COWStrings π
A C++ Container Type Library
This is a simple C++ string library utilizing short-string-optimization (SSO),
copy-on-write (COW) and allocation-free construction from string literals. These
three features help to reduce allocations during string construction, copying and
modification. The string objects store and operate on UTF-8 encoded text and
allow for querying on a code point basis. The internal buffer containing the
text data is terminated with a C-style null byte for compatibility with functions
like printf.
// No allocation: Constructed from literal (char array)
String s1= "Hello world";
// No allocation: Construction of short string (<32 bytes)
const char* ptr= "Hello solarsystem";
String s2= ptr;
// Allocation: Construction of long string
String s3= "Hello Milkyway, Andromeda, Sagittarius, Canis Major, Triangulum and Reticulum";
// No allocation: Construction of string sharing the buffer with s3
String s4= s3;Small String Optimization (SSO) π
If a string is constructed with a length in bytes short enough, that it fits in the string object itself, no buffer is allocated. Instead the inner structure of the string object is interpreted as an array of bytes. The last byte contains a a two bit flag indicating if it is in this so called "short" mode, "literal" mode referencing a string constant or "dynamic" mode using an allocated buffer on the heap. In short mode the last byte additionally stores the number of bytes free. The flag uses 0 to indicate "short" mode, which leaves the whole last byte with value 0 when the "short" mode string is completely filled, allowing it to be also used as the null-termination byte, maximizing efficiency. (I did not come up with this idea, but I could not find the source where I read it.)
Copy On Write (COW) π¨
To reduce allocations and data copying, strings in "dynamic" mode share their buffers as much as possible. The backing buffers are single-threaded reference counted, which allows them to be owned and safely referenced by multiple strings at the same time. When a "dynamic" mode string is copied, the buffer is referenced and its reference counter is incremented. If a reference is released the counter is decremented and the buffer gets freed when the counter reaches zero. If the string references a buffer used by other strings it is in "shared-dynamic" or just "shared" mode. When a string is first created and needs to store more than can fit into "short" mode, it allocates a buffer and marks itself as being in "owned-dynamic" mode. On copying it and the copied string both transition to "shared" mode. If a write operation happens to one of the two strings it needs to ensure that the operation won't reflect in the other string, thus forcing it to now allocate its own buffer and copying the data before executing the write operation. Both are now again in "owned" mode. If the same happened with three strings in "shared" mode, the untouched two would be unaffected and remain in "shared" mode.

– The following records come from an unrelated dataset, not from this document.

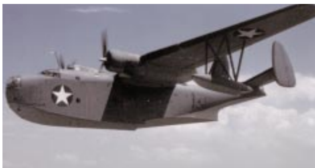
A PBM-3 Mariner on patrol, circa 1942-1943, 80-G-K-13517.

29 May 1945: VPB-201 was transferred to a new home port at NAS Coco Solo, C.Z., under the opera-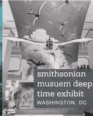
smithsonian museum deep time exhibit WASHINGTON, DC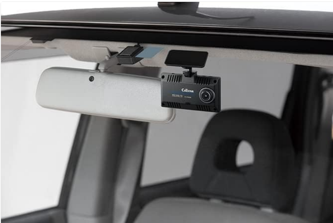
Image: The drive recorder main unit is shown installed on the inside of a car's windshield, positioned discreetly behind the rearview mirror.

The drive recorder uses an adhesive mounting type. Ensure the installation location provides a clear view of the road and does not obstruct the driver's vision. The rear camera should be mounted to provide an unobstructed view of the rear.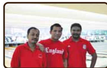
Male Team – 1st Runner Up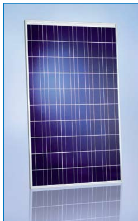
SCHOTT POLY™ 225/220/217/210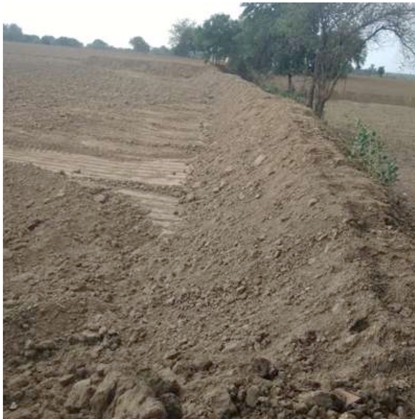
Figure 6 Recently created farm bund

Subsequent to a meeting with the farmers held on 5 March, 2021, the land on which bunding was to be undertaken, was divided into 2 clusters belonging to 15 farmers each. As work began, the panchayat also showed interest in supporting the expansion of this activity and finally bunding was completed on a total of 110 acres of farmland. The farm owners contributed 10% of the work in the form of shramdaan (voluntary labour). It must be noted that unlike the original plan of the entire work being undertaken manually, COVID restrictions compelled the use of the JCB for some part of the work.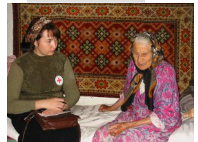
RRC nurses visit elderly people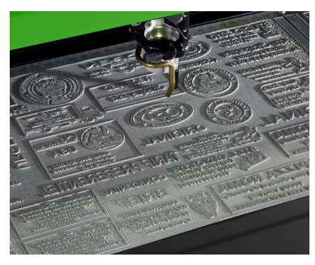
Engraving & laser cutting of custom ink stamps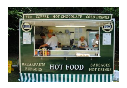
Case Study 4

In 2013/14 the Food Team undertook a considerable amount of food sampling particularly in relation to food fraud and authenticity of meat. This was following the Horse Meat scandal. A number of lamb samples were taken from takeaway premises to check if they were actually lamb. All samples came back as lamb.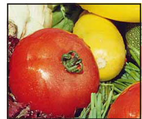
Get Your Fresh Fruits & Veggies While You Can!

The AHEC Farmer's Market at Lourdes Medical Center closes in late October. Meantime, visit every Wednesday between 2 and 5 p.m.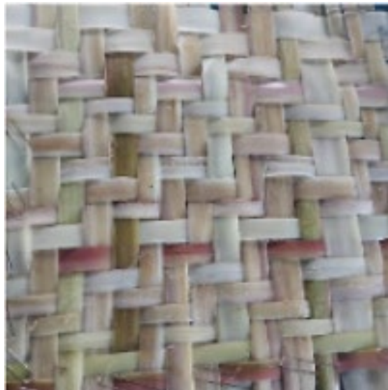
Figure 1: Twill-woven banana fiber blanket.

After drying, the fibers were aligned and woven into a twill woven pattern as shown in Figure 1, using identical weaving parameters to maintain uniform fabric quality across all specimens. The woven banana fiber blanket was subsequently cut into standard dimensions of 30 cm × 30 cm, ensuring consistent geometry and structural uniformity for all blast test samples.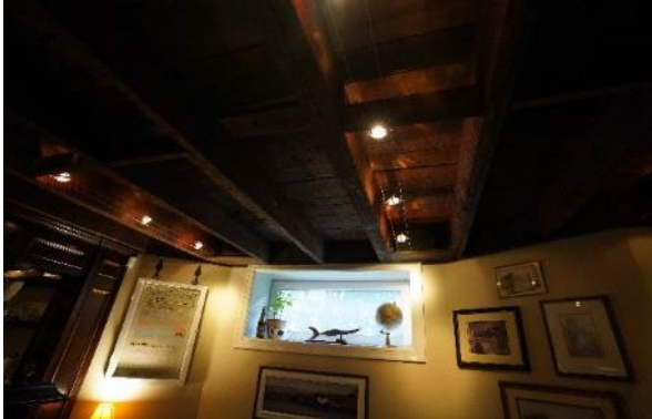
Structural elements in basement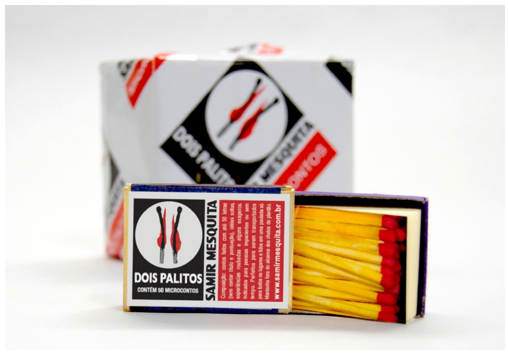
Figure 5 – Dois palitos.

I finally want to mention the Hai-kaixa (see Figure 6) by Marcelo Dolabela, a small matchbox that contains one hundred haikais:<sup>66</sup>

This feature doesn't do any dynamic deduplication like a "fly-string". Creating two strings in "dynamic" mode with the same contents will not trigger "shared" mode. "Shared" mode is only a result of copy-construction and assignment.
Keep in mind, that the reference counting described above doesn't use any atomic
instructions or synchronization. If a string in "shared" mode is therefore used
by multiple threads it is not sufficient to guard it with a mutex or equivalent.
Always make sure the string is in "owned" mode by calling reserve() before
handing it over to another thread to prevent nasty side-effects.
The decision against atomic reference counting is based on
this article describing
how it is sometimes automatically disabled in std::shared_ptr<T>.
Allocation free string literals π
Creating a string from a string constant is detected using some template magic,
to prevent the array of chars from being decayed into a const char* pointer
by using an array-reference. This prevents an allocation and buffer length
calculation. But it also assumes that a provided buffer has an indefinite life
span. Handing it a non-static stack local array would result in a dangling
pointer inside the string. Like "shared" mode strings, "literal" mode strings
transition to being "owned" on any kind of write operation.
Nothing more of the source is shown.